5. Zwar hat § 182a ZPO nichts daran geändert, dass es keiner richterlichen Anleitung zu einem Vorbringen bedarf, gegen das der Prozessgegner bereits Einwendungen erhoben hat. Angesichts solcher Einwendungen hat die andere Partei ihren Prozessstandpunkt selbst zu überprüfen und die erforderlichen Konsequenzen zu ziehen. Auch die Pflicht nach § 182a ZPO kann nicht bezwecken, das Gericht zur Erörterung eines Vorbringens zu zwingen, dessen Schwächen bereits der Prozessgegner aufzeigte (RIS‑Justiz RS0037300 [T41]; RS0120056 [T4]; RS0122365).

Ein solcher Fall liegt hier aber nicht vor.
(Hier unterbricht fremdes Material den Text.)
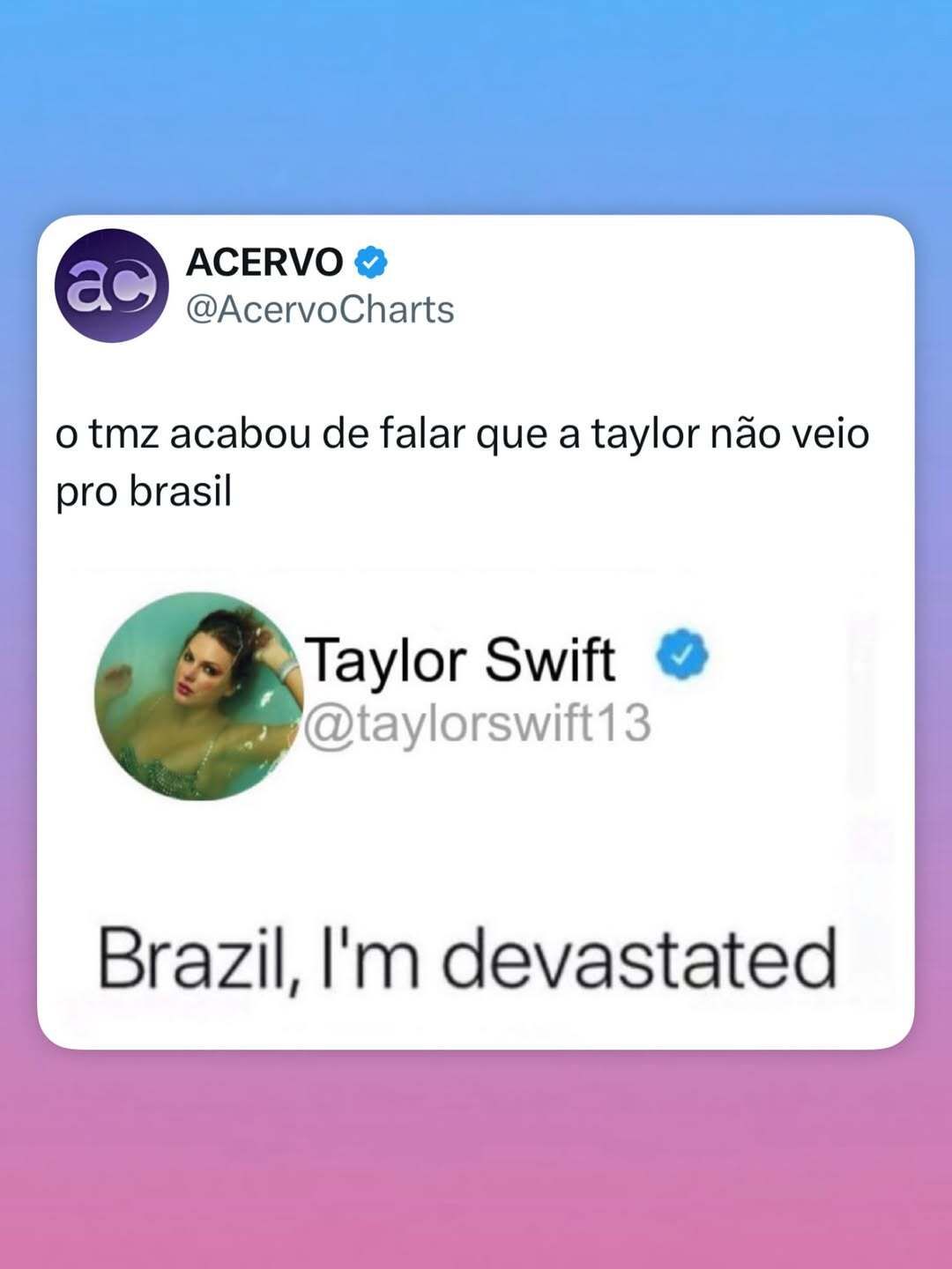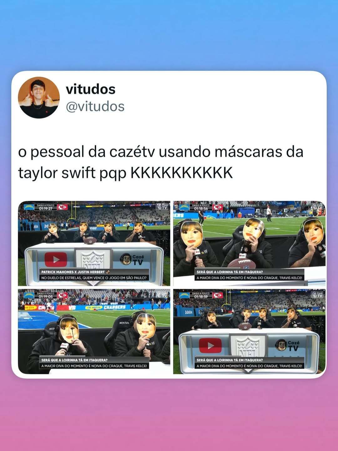 No tópico de expectativas, aqui no Brasil só se falava em uma presença no jogo de São Paulo: Taylor Swift. De fato, por ser um jogo dos Chiefs — time do Travis Kelce, noivo da cantora — em início de temporada, muito se especulou sobre a vinda da cantora ao Brasil e a Globo chegou a confirmar na transmissão, mas a loirinha não veio. 😥😥

Die Beklagte bemängelte im erstinstanzlichen Verfahren die Schlüssigkeit der Höhe des Klagebegehrens im Hinblick auf den von der Klägerin dem begehrten Gewinnentgang zugrunde gelegten Zeitraum und die Berechnungsmethode für den entgangenen Gewinn. Die Beurteilung des Berufungsgerichts, dass darin keine Unschlüssigkeit liege, ist nicht zu beanstanden. Wenn die Beklagte von einer anderen Einschätzung ausgeht, ohne konkret die rechtliche Beurteilung des Berufungsgerichts anzugreifen, zeigt sie keine Fehlbeurteilung auf.
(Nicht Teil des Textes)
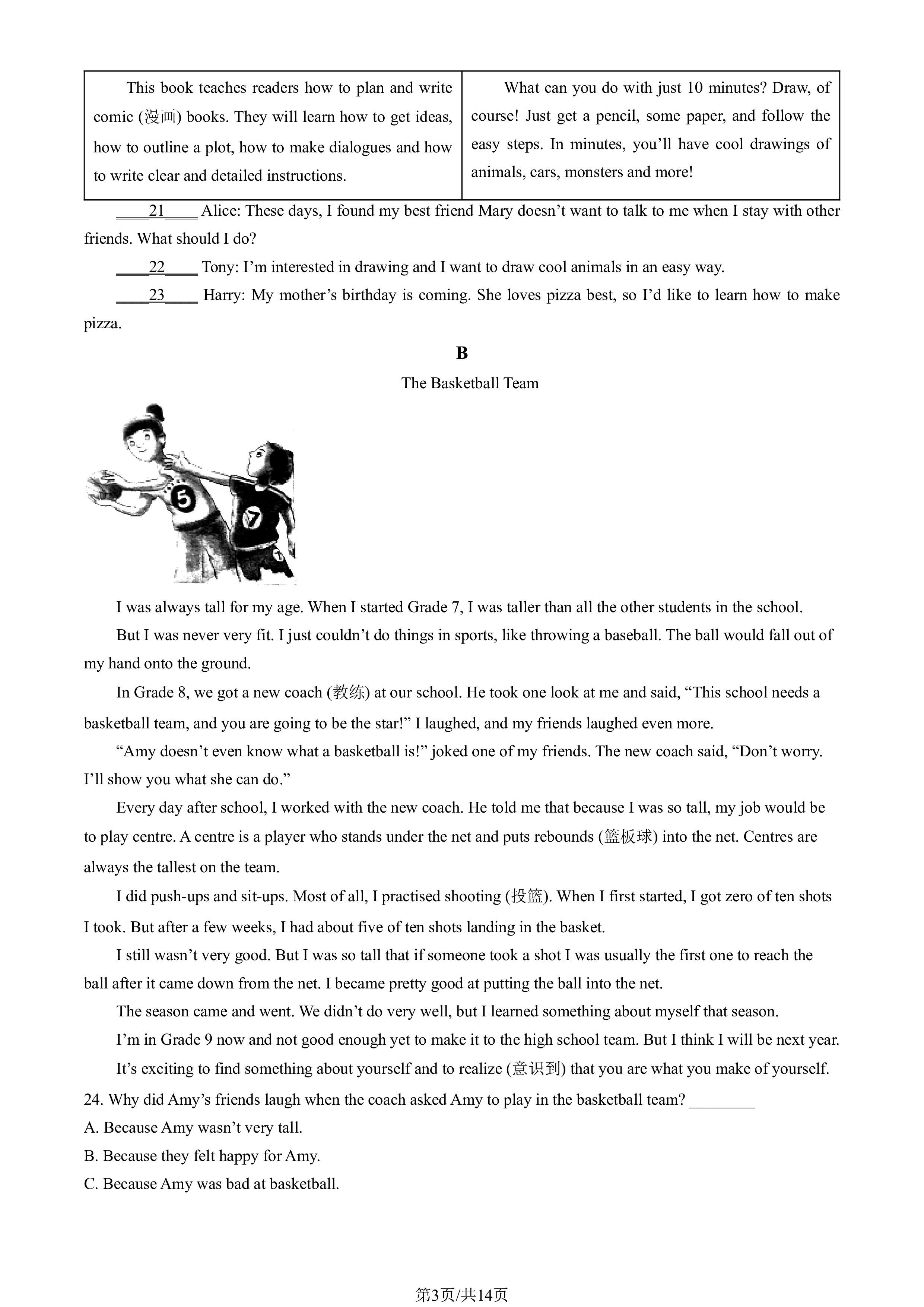 第1页/共14页2025北京广渠门中学初一(下)期中英语时间:90分钟2025.4本试卷共5页,60分。考试时长90分钟。考生务必将答案答在答题纸上,在试卷上作答无.......效.。一、单项填空。(每题0.5分,共6分)从下面各题所给的A、B、C、D四个选项中,选择可以填入空白处的最佳选项。1.—Isthisyourwallet,Lora?—No,it’snot.Ithinkit’sAmy’s.A.hersB.yoursC.hisD.mine2.—Betty,whattimeisyourartlesson?—Ihaveart________twentypasttenonWednesday.A...

6. Der Rekurs ist daher zurückzuweisen, ohne dass es noch einer weiteren Begründung bedürfte (§ 510 Abs 3 ZPO).

7. Die Kostenentscheidung beruht auf § 41 iVm § 50 Abs 1 ZPO. Im Zwischenstreit über die mangels erheblicher Rechtsfrage verneinte Zulässigkeit des Rechtsmittels gegen einen Aufhebungsbeschluss im Sinn des § 519 Abs 1 Z 2 ZPO des Berufungsgerichts findet ein Kostenvorbehalt nach § 52 ZPO nicht statt (RIS‑Justiz RS0123222 [T2, T4, T5]; vgl RS0035976 [T2]). Die Klägerin hat in ihrer Rekursbeantwortung auf die mangelnde Zulässigkeit des Rekurses hingewiesen und daher Anspruch auf Kostenersatz (RIS‑Justiz RS0123222 [T8]).